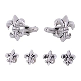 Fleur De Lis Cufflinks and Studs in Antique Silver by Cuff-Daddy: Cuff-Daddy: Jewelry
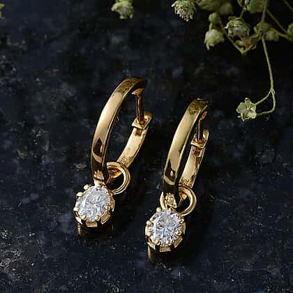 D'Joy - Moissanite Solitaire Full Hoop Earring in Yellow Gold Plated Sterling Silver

++++++++++

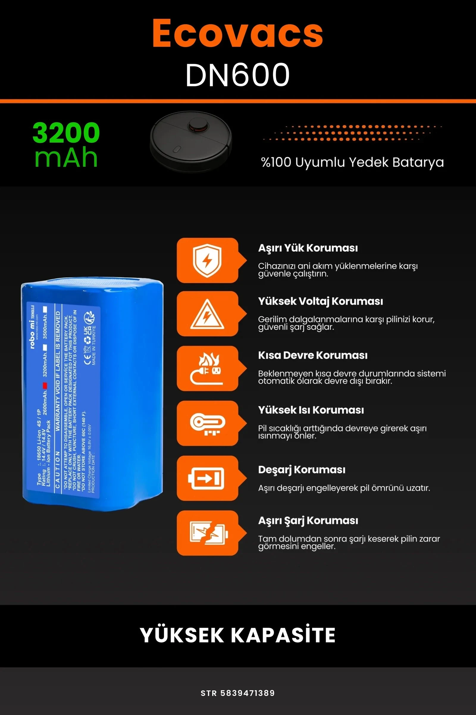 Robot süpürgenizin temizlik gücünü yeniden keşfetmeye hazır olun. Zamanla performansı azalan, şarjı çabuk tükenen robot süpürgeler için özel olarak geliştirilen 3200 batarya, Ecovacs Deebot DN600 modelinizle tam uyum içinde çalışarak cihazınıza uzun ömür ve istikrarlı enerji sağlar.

++++++++++

| Your assignment |
Each line above from the one containing "Fleur De Lis" through the one containing "D'Joy - Moissanite" is to be returned verbatim. Nothing else, and no pictures.

| Response to this task |
 Fleur De Lis Cufflinks and Studs in Antique Silver by Cuff-Daddy: Cuff-Daddy: Jewelry
 D'Joy - Moissanite Solitaire Full Hoop Earring in Yellow Gold Plated Sterling Silver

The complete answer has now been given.